Servers can block, or “defederate from” other servers, and many have chosen to preemptively defederate from Threads.
Wait did I miss something big? Does Lemmy now federate with Mastodon somehow? How does that work?
Always has. Anything using ActivittPub can interoperate
I was under the impression that it theoretically could but wasn’t set up in a way that made this possible. But perhaps I was mistaken.
How do I access Mastodon content using my account here then?
You’ve had some well-meaning but ultimately not quite accurate answers in this thread so just to clarify:
You can follow, post to and interact with Lemmy communities from Mastodon, because they’re treated the same way as a “group” on Mastodon in general.
You can NOT follow and interact with Mastodon users from Lemmy, because Mastodon accounts are individual “users” and Lemmy doesn’t have the concept of following and interacting with users, only with communities. If Lemmy ever does add a feature to let us follow other users, then in theory following Mastodon users will also become possible.

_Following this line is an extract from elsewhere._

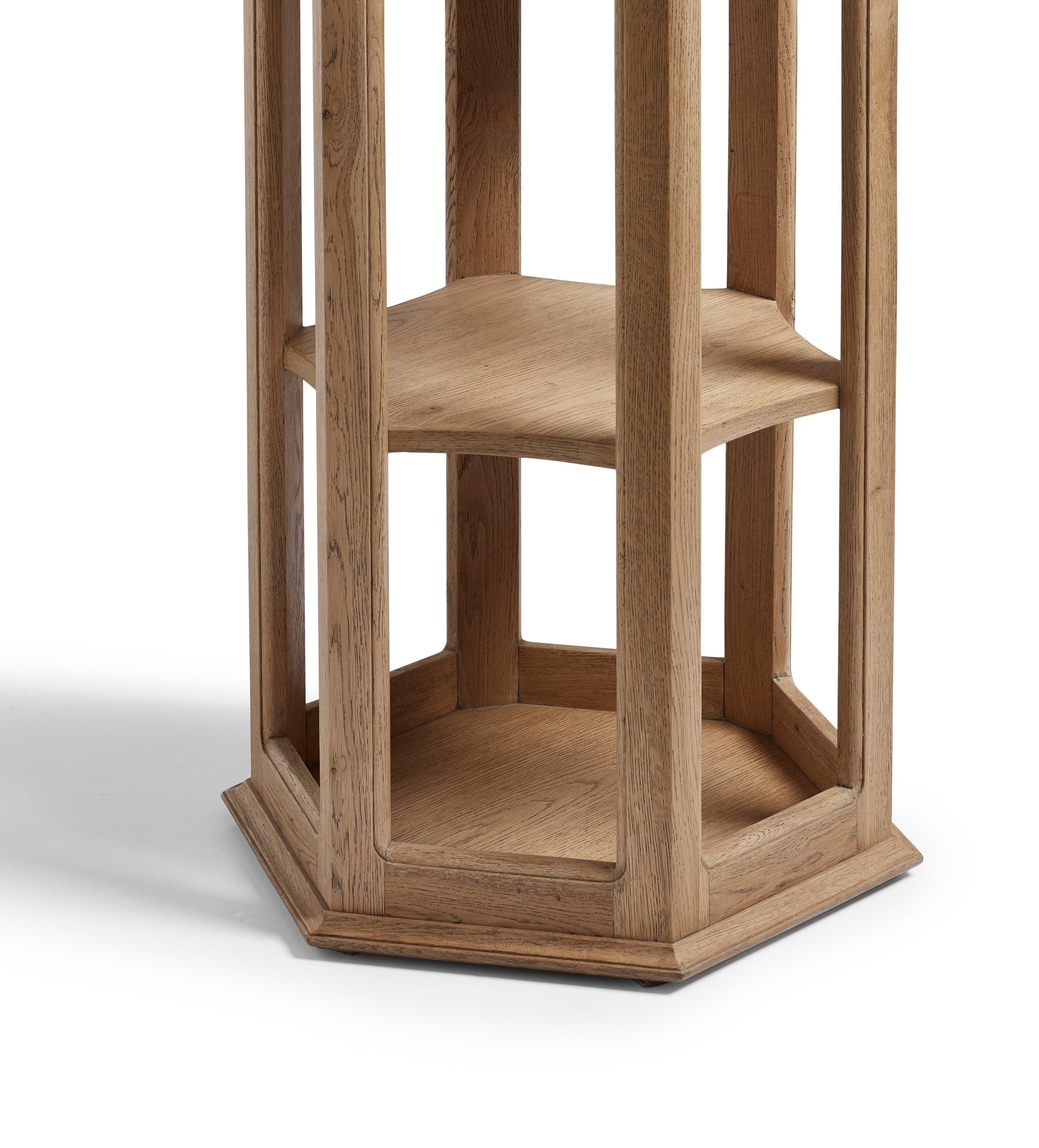 Named after the wedge-shaped stone used to construct an arch, the Voussoir shelf combines architectural inspiration with practical design. Its hexagon-tiered structure creates a striking visual pattern, allowing you to display books, plants, or decorative objects. Crafted from weathered oak, the frame offers both timeless beauty and exceptional durability.
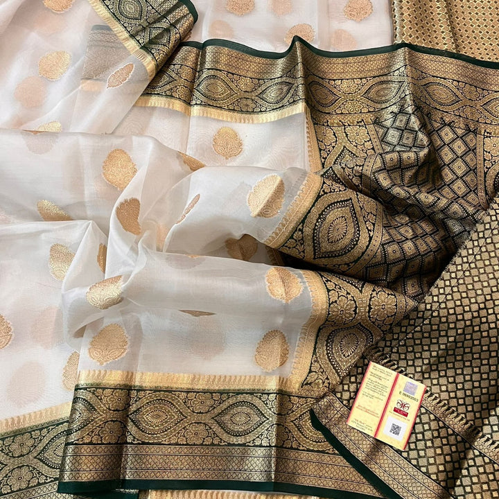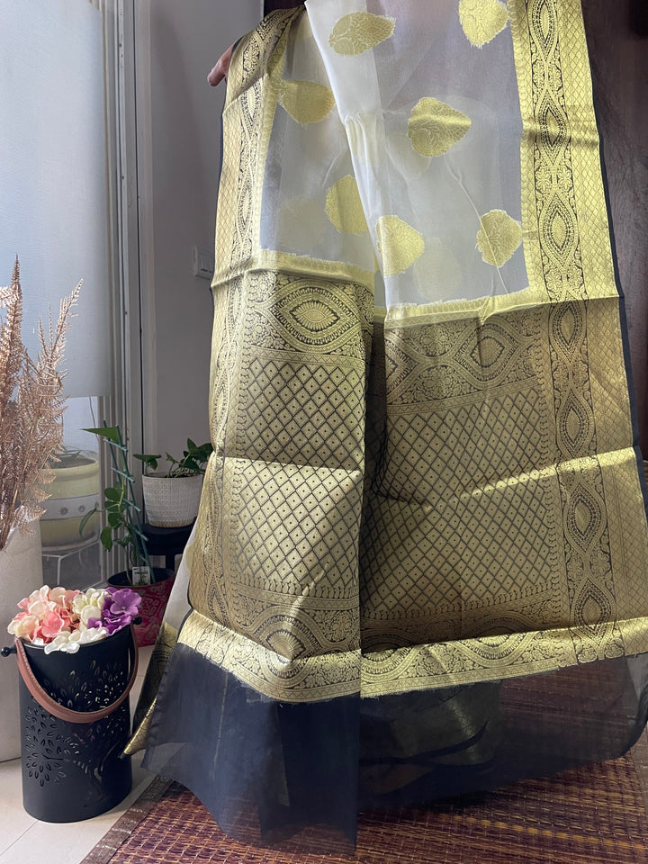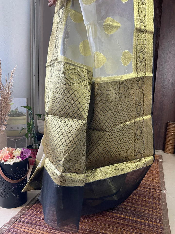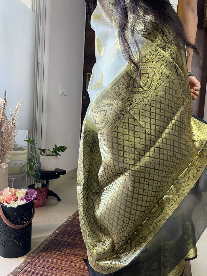 - Ethereal Trending Designer White Gold Banarasi Kora Organza Saree

Very interesting. Appreciate the response. Didn’t know big companies like meta had any interest in the whole “federation” gig, seeing that it seems a little “opposed” to the kind of big revenue that supports tech companies like that
But it actually isn’t, because the largest driver of growth for platforms like facebook & instagram is the already present userbase.
That userbase will always be there if the programs are all federated together, so creating a new platform is now just making a better site versus that and bringing in the userbase.
And now I’m commenting from a lemmy.world account because Lemmy from Mastodon has some rough edges like the need to tag the community in my comment above to ensure it actually reaches the lemmy.world server.
Tumblr and Flickr are also talking about ActivityPub support, but it’s not clear if or when that will actually happen. It would make more sense to me for those services since they’re fairly small and it’s a way to substantially increase the possible audience. It’s not clear what Meta’s motivations are here, though a motivation some have proposed is that they’re trying to get in front of potential regulation. The EU Digital Markets Act, for example requires some services to interoperate with competitors, and having one of its new products join an established standard protocol is a way to say “you don’t need to regulate us, we already do the thing”.
I don’t think their blocking of comments mentioning Pixelfed is intentional. Pixelfed is not popular enough for Meta to care about as a competitor, and blocking mentions of competitors has never been among their tactics.
Youtube was blocking comments mentioning Fediverse and ActivityPub 2 years ago way before all the exposure the Fediverse got last year. Facebook was blocking links to mastodon instances also before all that. There is absolutely no way a very specific word such as Pixelfed would be blocked “accidentally”, how do you propose such accidental block would even be possible? Oops, intern smashed his butt against a keyboard and set a filter that happened to catch Pixelfed by accident? Come on.
Appreciate this response, it seems to make a lot of sense to me.
I think people on sites like Lemmy and similar can kind of uhh… overestimate how much anyone outside of a very niche crowd care about the whole “federalization” movement, and yeah it seems unlikely to me that Threads is going out of its way to shadowban a (comparatively) niche competitor like Pixelfed
I’m about 99% sure Threads uses automated spam/abuse filtering based on uncommon words present in posts that have recently been flagged as abusive. Somebody, perhaps several somebodies probably posted “follow my porn account on Pixelfed” or similar that Threads doesn’t like. I’d use something like that if I was making a huge social media thing because you can’t not at that scale.